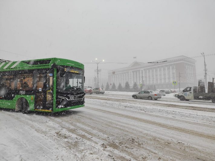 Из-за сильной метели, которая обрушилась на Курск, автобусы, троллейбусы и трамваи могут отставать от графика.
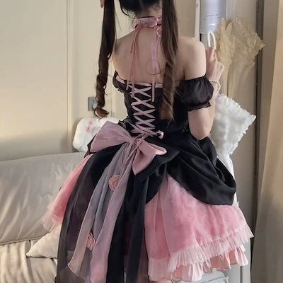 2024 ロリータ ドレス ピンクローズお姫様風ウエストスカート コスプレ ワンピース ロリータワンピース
===============
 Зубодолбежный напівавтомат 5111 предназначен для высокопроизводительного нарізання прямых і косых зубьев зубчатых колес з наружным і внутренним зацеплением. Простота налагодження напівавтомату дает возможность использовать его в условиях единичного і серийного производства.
===============
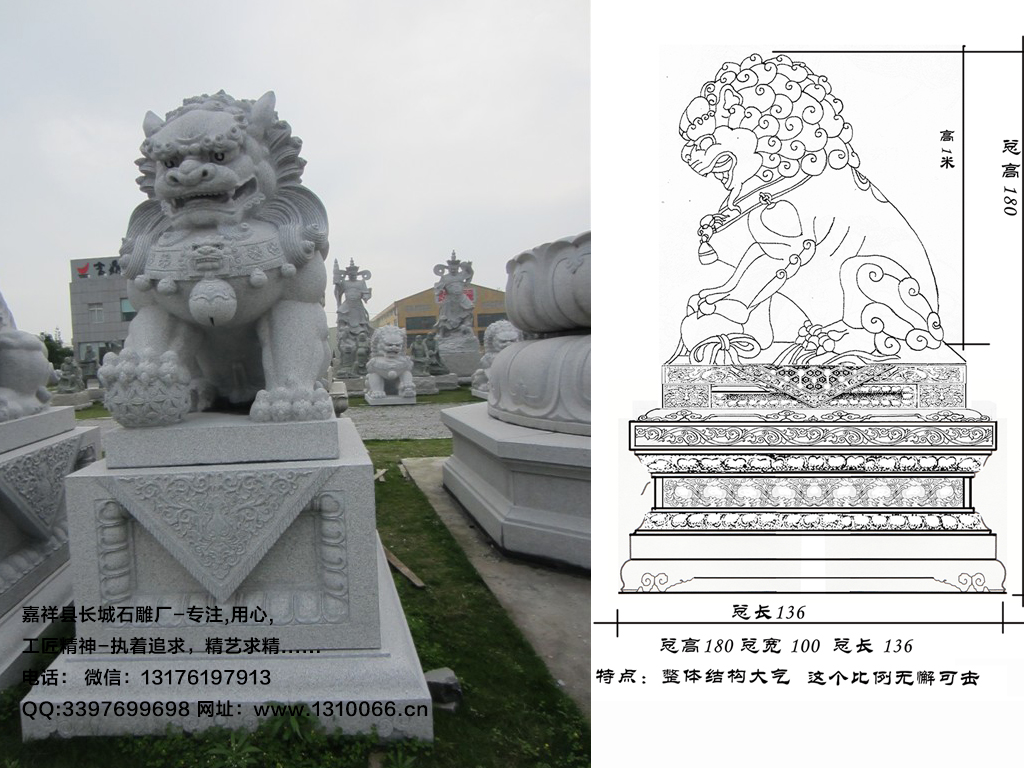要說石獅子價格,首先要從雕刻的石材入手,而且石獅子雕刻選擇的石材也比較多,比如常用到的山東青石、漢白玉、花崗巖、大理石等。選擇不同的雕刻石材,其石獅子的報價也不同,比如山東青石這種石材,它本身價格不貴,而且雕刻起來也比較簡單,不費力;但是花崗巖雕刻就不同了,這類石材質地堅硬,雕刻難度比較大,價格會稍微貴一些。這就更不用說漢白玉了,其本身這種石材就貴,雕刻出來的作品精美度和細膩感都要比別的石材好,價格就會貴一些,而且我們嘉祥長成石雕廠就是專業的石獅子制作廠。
===============
Repeat exactly the lines above, from the line that contains "Из-за сильной метели, которая" down through the line that contains "2024 ロリータ ドレス". Include both of those lines and none of the pictures.

_Result of the task_.
 Из-за сильной метели, которая обрушилась на Курск, автобусы, троллейбусы и трамваи могут отставать от графика.
 2024 ロリータ ドレス ピンクローズお姫様風ウエストスカート コスプレ ワンピース ロリータワンピース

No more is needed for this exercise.